New technologies decimated the PKK
The PKK carried out its last important attacks in Turkey in 2015. After deadly bombings in large cities that claimed the lives of many civilians, the conflict focused on Kurdish-majority towns such as Diyarbakır, Hakkari, Batman and Cizre. The government’s military response led to clashes that wiped some urban areas off the map. Since their defeat during those clashes, the PKK has been able to attack only a few times.
The Turkish Armed Forces (TSK) enjoys an almost limitless budget in its technological investments against the PKK. Turkey’s homemade drones have replaced those leased from Israel and the US, while its increasingly mine-resistant vehicles have protected it against attacks by the PKK. Another advantage of the TSK was the deployment of some PKK militants to Syria to combat ISIL.
Not as popular among Kurds as it used to be
The PKK’s strategy to carry the conflict to cities led to anger among the Kurds, who blamed the PKK as much as they blamed the state for the destruction of their hometowns.

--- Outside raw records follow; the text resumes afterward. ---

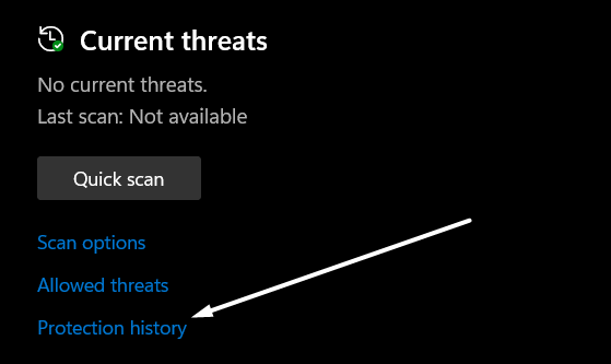 2.Kattintson aVédelmi előzményekopció aJelenlegi fenyegetésekszakasz.
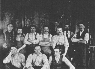 Another worker is Eugene Weed, back row, third from the left, although it’s hard to see him because the background is so dark. I’ll see what I can do with that in PhotoShop. The foreman-looking guy with his arms crossed is probably Victor Kraske who came to Gibson from the Barrows/Waldo company in Saginaw around 1907. Jack French has seen him (read the “Rumors” blog entry).
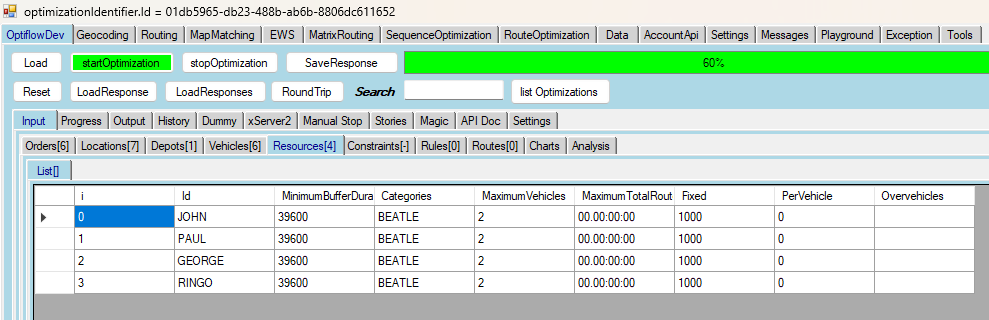 - constraints : Defines constraints on the vehicles and routes assigned to the resource.

The PKK’s recruitment efforts have plummeted compared to the past.
Two figures are particularly popular these days among young Kurds: SDF General Mazloum Abdi, known for his victories against ISIL in Syria, and Selahattin Demirtaş, a politician currently imprisoned in Turkey.

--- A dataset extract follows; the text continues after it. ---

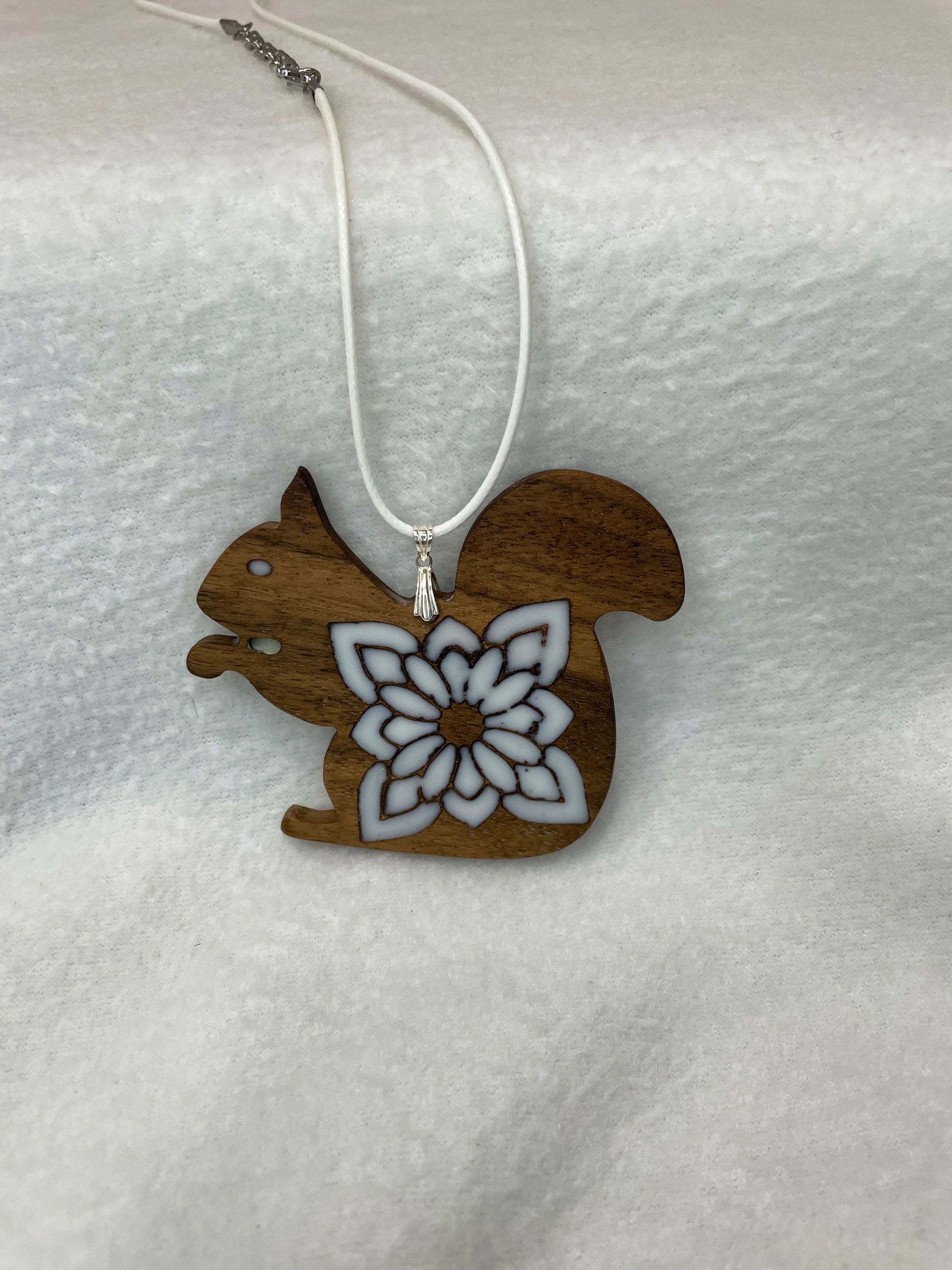 Crafted from solid wood, each squirrel pendant is carved then filled with a white pearl resin. Each piece is hand sanded and buffed with beeswax to bring out the woods luster. Fitted with a silver toned ball clasp and waxed cord necklace.

Demirtaş’s popularity has surpassed that of Abdullah Öcalan, the leader of the PKK who has been behind bars in Turkey for more than 20 years. Demirtaş, who at the helm of the Peoples’ Democratic Party (HDP) garnered an extraordinary 13 percent of the vote, also drew attention with his ability to attract Turkish voters as well. Once perceived as a potential rival to President Recep Tayyip Erdoğan, Demirtaş has been in jail for four years.
Demirtaş’s criticism of the PKK’s city warfare in 2015, which was an unprecedented development in Kurdish politics, opened a new avenue for Kurdish politics and established him as a strong political figure. At a court hearing in April 2018, Demirtaş said his remarks criticizing the PKK were censored on pro-Kurdish media.

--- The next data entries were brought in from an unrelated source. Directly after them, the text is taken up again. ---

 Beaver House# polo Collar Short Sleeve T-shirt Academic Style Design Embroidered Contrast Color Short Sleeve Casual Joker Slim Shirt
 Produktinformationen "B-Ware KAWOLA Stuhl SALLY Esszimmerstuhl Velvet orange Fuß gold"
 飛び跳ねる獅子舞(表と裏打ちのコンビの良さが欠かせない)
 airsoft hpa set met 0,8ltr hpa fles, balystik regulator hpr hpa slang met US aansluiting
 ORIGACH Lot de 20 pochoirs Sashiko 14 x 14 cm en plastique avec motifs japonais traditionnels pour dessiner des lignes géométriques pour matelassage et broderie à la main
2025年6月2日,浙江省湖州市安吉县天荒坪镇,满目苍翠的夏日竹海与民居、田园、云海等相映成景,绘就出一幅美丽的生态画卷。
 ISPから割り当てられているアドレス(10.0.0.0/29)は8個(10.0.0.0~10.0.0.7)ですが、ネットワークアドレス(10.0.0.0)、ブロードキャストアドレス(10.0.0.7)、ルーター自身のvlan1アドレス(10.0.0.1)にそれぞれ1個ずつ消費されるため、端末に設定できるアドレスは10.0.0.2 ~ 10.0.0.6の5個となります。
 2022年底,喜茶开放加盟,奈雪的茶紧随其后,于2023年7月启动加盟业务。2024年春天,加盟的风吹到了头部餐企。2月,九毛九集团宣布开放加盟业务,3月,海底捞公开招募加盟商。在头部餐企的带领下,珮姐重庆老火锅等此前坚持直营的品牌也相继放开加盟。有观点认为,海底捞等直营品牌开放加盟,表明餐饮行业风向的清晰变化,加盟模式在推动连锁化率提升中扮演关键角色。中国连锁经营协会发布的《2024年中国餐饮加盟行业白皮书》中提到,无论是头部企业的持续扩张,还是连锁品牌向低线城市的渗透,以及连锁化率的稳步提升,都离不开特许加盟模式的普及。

International circumstances unfavorable to the PKK
While the PKK has been declining in power and support within Turkey, its situation in the international arena is no different. The US administration under the new President Joe Biden promises no brilliant future for the group, as Jeffrey expressed sympathy for Turkey’s fight against the PKK while taking a different position with regard to the SDF.
According to Coşkun, the US will not object to Turkey’s operations targeting the PKK.
“Almost all foreign affairs people in the administration, particularly President Biden himself, are well informed on the Kurdish issue. Their advocacy in favor of closer cooperation with Kurds in the Middle East is a common denominator. However, their attention is focused on Syrian Kurds and the SDF, which they want to build into an internationally acceptable posture. Indeed, Mazloum Abdi’s recent media declarations announced that they too are working with the new administration to that end. Yet the US will not oppose or react harshly to a Turkish operation in Iraq against the PKK. What the US is interested in in Iraq is the KRG, which it aims to bolster. So they will not object to an operation that could directly or indirectly strengthen the KRG’s position. They could even support it.”